The Slow Emergency
Antimicrobial resistance (AMR) creeps quietly—until it doesn’t. Routine infections become life-threatening; costs rise; trust erodes. AMR is fueled by over-prescription, non-prescription sales, self-medication, and poor infection prevention.
What I Learned Through COSTAR
In workshops with providers, we emphasized:
- Antibiogram-informed prescribing
- Stop-and-review points in treatment
- Patient counseling to avoid partial dosing and leftover sharing
We also supported community awareness: antibiotics don’t cure viral infections; adherence matters; pharmacies must respect regulations.

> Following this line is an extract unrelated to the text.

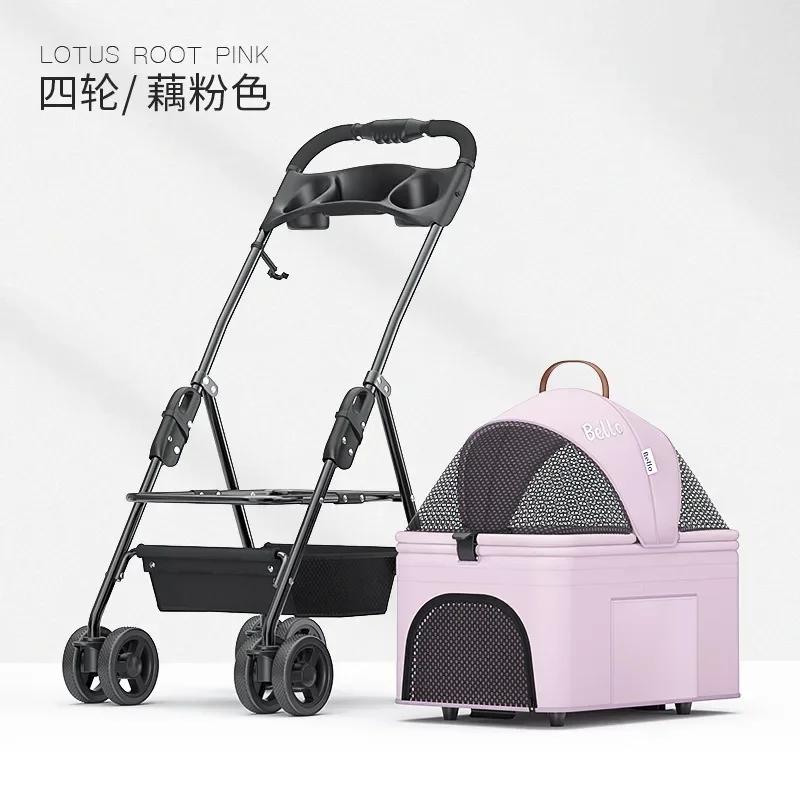 Коляска для домашних животных, съемная и легко складывающаяся, дышащая, алюминиевая, для путешествий, для кошек, собак, младенцев, с корзиной для хранения, для уличного использования, для перевозки кошек и собак розовый

The Public Health Playbook
- Surveillance: Collect facility-level resistance patterns that feed national systems.
- Stewardship: Simple prescribing checklists at OPD level.
- Regulation: Enforce prescription-only antibiotic sales.
- IPC Basics: Hand hygiene, sterilization, and waste management save more lives than we admit.
- Messaging: Clear, stigma-free, local-language education.
What Clinicians Tell Me
Time pressure and patient expectations are real. Stewardship tools must be lightweight, align with workflow, and show quick wins (e.g., fewer returns, lower drug costs).
Closing
AMR is not inevitable. With disciplined stewardship and honest communication, we can delay resistance and protect the miracle we take for granted.